While reading The Practice of Everyday Life, I found it easy to grasp the initial discussion of Certeau’s main terms of a strategy vs. a tactic. A strategy being a way for corporations, governments and big businesses to control people as well as the environment around them; And, a tactic being a way that individuals, subordinate to the “big” businesses, negotiate the world, “constantly manipulat[ing] events in order to turn them into ‘opportunities’” (xix). However, with the introduction of other philosophies, I began to get lost in Certeau’s overall argument and found it hard to grasp the detailed analysis he is putting forth.
Chapter 8, “Railway Navigation and Incarceration” was a breath of fresh air (maybe because of it’s length); I thought it was beautifully written and put forth an interesting analysis of something we rarely do – ride in a train. Certeau refers to riding in a train as “traveling incarceration” (111). Inside the train car, you are in a tiny ordered world, with no way out; you are detached from the outside world, constantly viewing a changing scenery of vast immense objects that stand alone and are unmoved. Certeau illustrates this symbolic and real separation through a description of the iron rail and the windowpane that isolates the traveler. This all links back to the superior machine, “the solitary god from which all action proceeds. It not only divides spectators and beings, but also connects them; it is a mobile sym-bol between them, a tireless shifter, producing changes in the relationships between immobile elements” (113). In our lifestyles today, we are so dependent on technology and machines in that these machines have become god – an all powerful god that provides the means for us to connect with each other as well as businesses to operate. Machines have become our life-support.
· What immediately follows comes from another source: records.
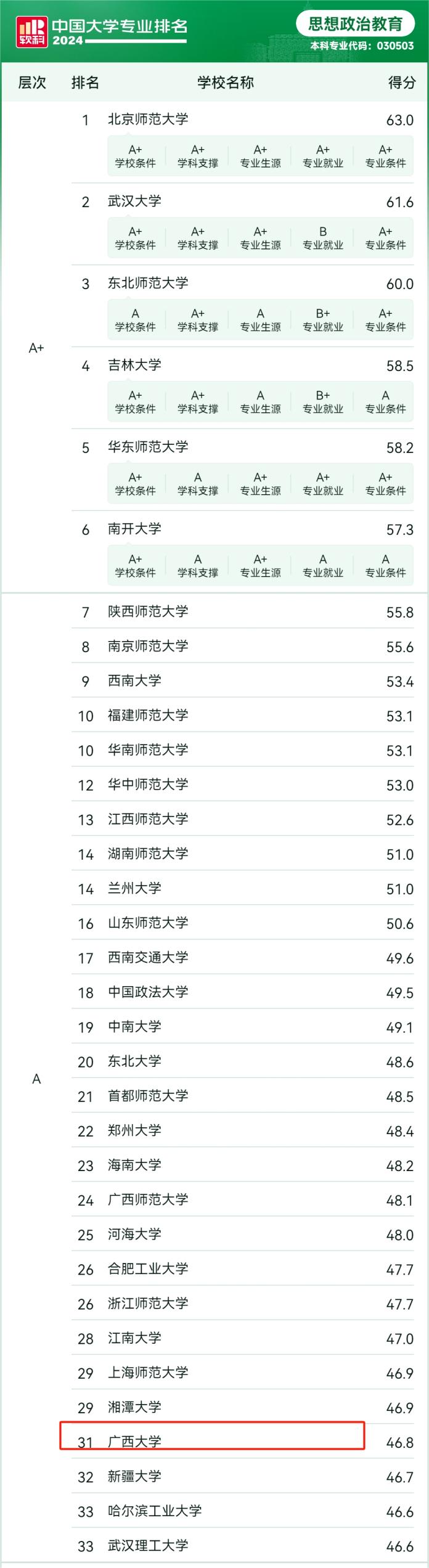6月13日,高等教育专业评价机构软科正式发布“2024软科中国大学专业排名”。我院思想政治教育专业排名全国第31位,获评A类层次,与2023年相比上升3位。
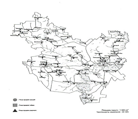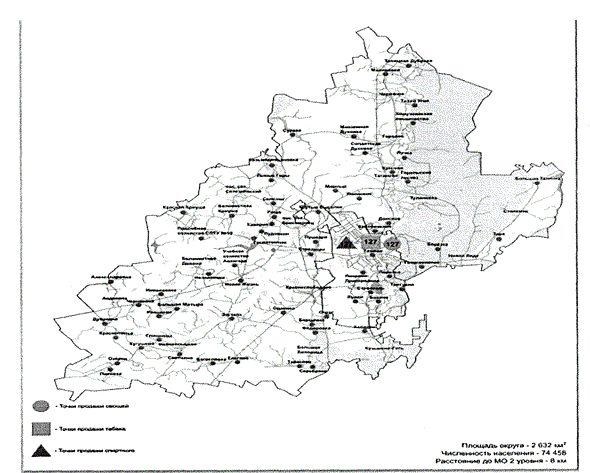 Карта точек продажи овощей, табака, спиртного и расположения объектов спортивной инфраструктуры в Уметском муниципальном округе
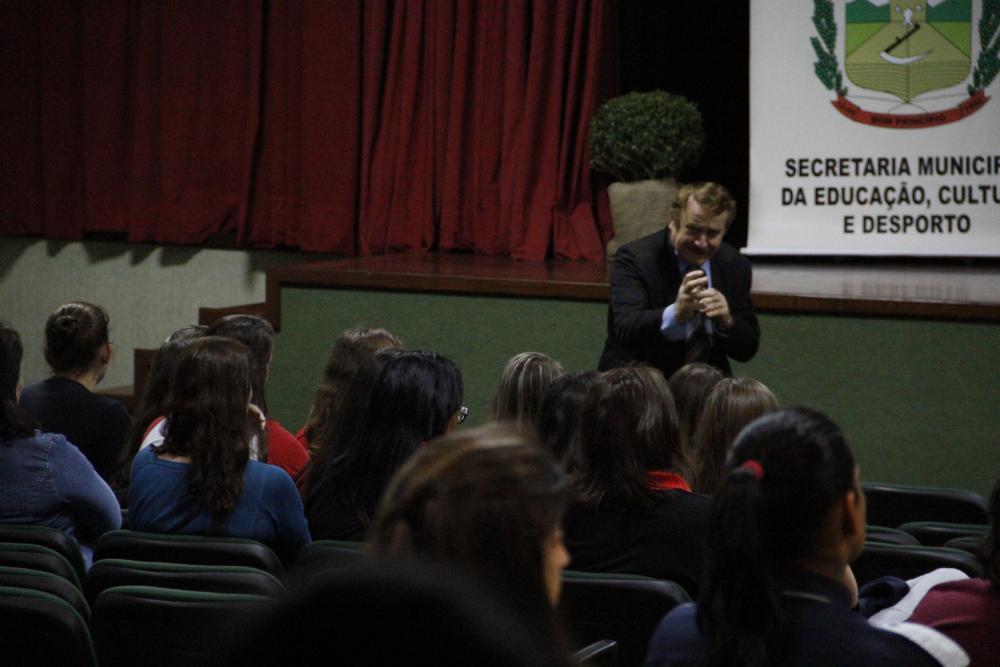 Emoção e lágrimas marcaram o primeiro dia da Semana de Valorização da Vida, com as palestras do professor, parapsicólogo e palestrante Selmiro Paulo Wolfarth. Ele falou pela manhã e à tarde para professores e funcionários das escolas e, a partir das 19h30, a conversa foi com os alunos do turno da noite. A programação de palestras vai até sexta-feira (dia 20), no Centro Municipal de Cultura e Eventos, devendo abranger também mais estudantes, famílias e servidores públicos. Isso além de uma manhã especial de apoio para pessoas que tenham familiares com problemas de drogas, álcool ou depressão.

I particularly liked how Certeau uses Jules Verne to show that the railway can connect these technologies with dreams. This is apparent when leaving the incarceration (an “incarceration-vacation” -114), and all the chaos of the workplace returns. The word incarceration conjures up images of prisoners, crime, and a place that no one wants to be a part of. However, Certeau reminds us that with the chaos of everyday life – the stress of the workplace, the constant hustle of people on the streets, and our postmodern scatterbrains – we all crave an “incarceration vacation,” a few minutes of order. In moments of weakness, we want someone to tell us what to do, to give us a schedule, to make hard decisions for us. I think this hints back to ideas of hegemonic forms of consent. If the hegemonic culture provides an easy way out, an easy lifestyle governed by simple rules, it makes sense that the majority of individuals give his or her “consent” and buy into it. To be radical, to go against the norm, takes enormous energy, courage, and willingness to constantly be different, defending your ideals. It becomes far easier to just jump on the train, and take an “incarceration vacation.”